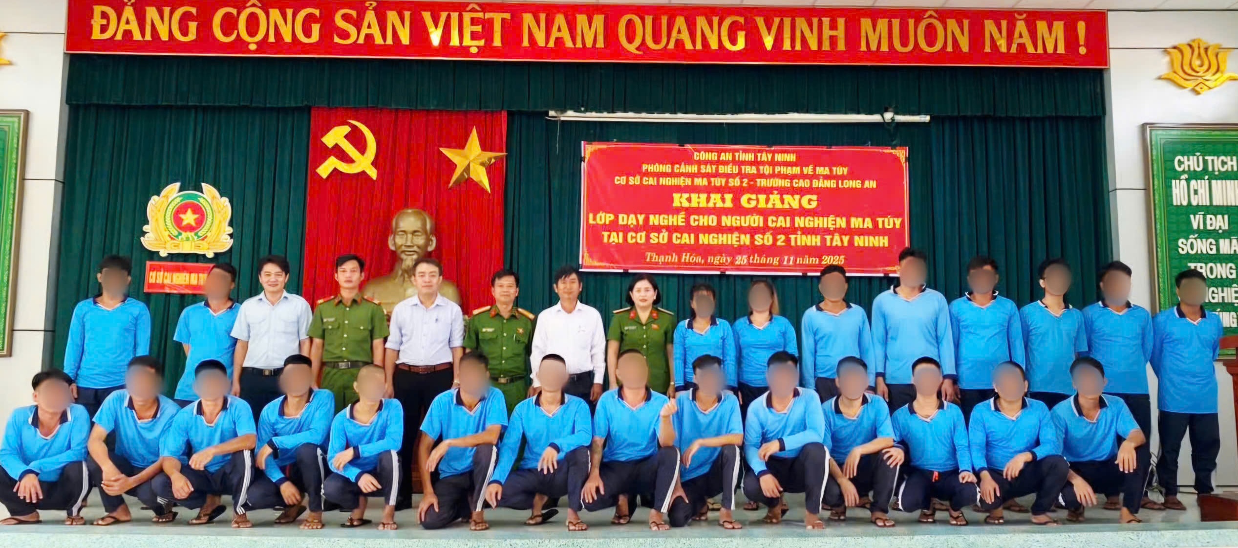 Xác định công tác dạy nghề cho người cai nghiện ma túy có vị trí, vai trò hết sức quan trọng trong quy trình cai nghiện, sáng ngày 25/11/2025, Cơ sở cai nghiện ma túy số 2, tỉnh Tây Ninh phối hợp với Trường Cao đẳng Long An tổ chức Lễ khai giảng lớp đào tạo nghề cho các học viên tại cơ sở.
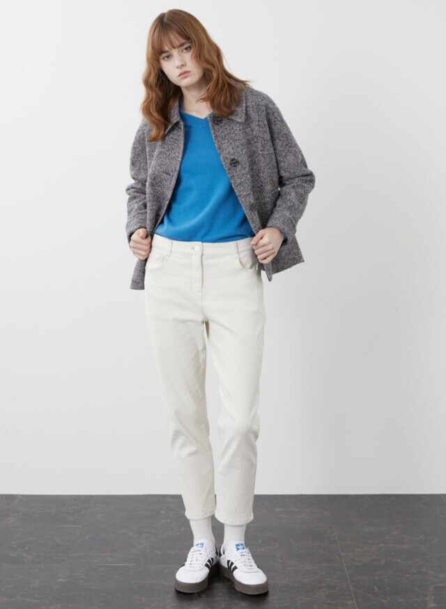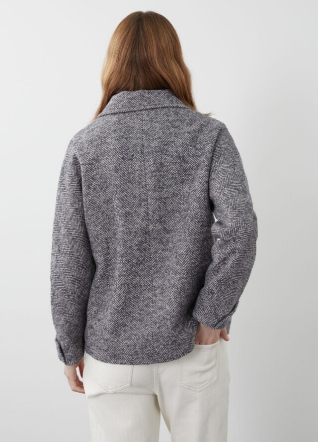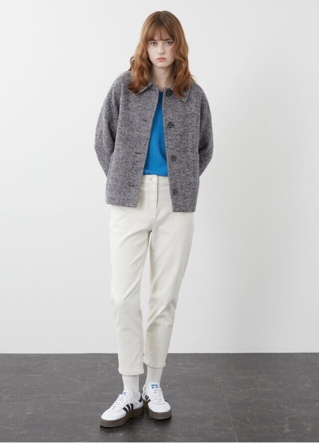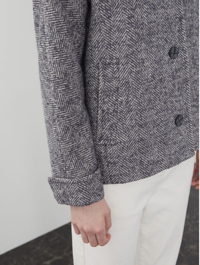 잔잔한 헤닝본 소재의 스탠카라 자켓입니다
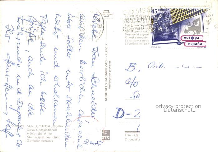 old postcard Soller Mallorca Gemeindehaus postalisch gelaufen Erhaltung siehe scans

» **YOUR OBJECTIVE**:
An exact copy of every line above, minus the pictures, is the required output.

» **RESPONSE TO THE TASK**:
 Xác định công tác dạy nghề cho người cai nghiện ma túy có vị trí, vai trò hết sức quan trọng trong quy trình cai nghiện, sáng ngày 25/11/2025, Cơ sở cai nghiện ma túy số 2, tỉnh Tây Ninh phối hợp với Trường Cao đẳng Long An tổ chức Lễ khai giảng lớp đào tạo nghề cho các học viên tại cơ sở.
 잔잔한 헤닝본 소재의 스탠카라 자켓입니다
 old postcard Soller Mallorca Gemeindehaus postalisch gelaufen Erhaltung siehe scans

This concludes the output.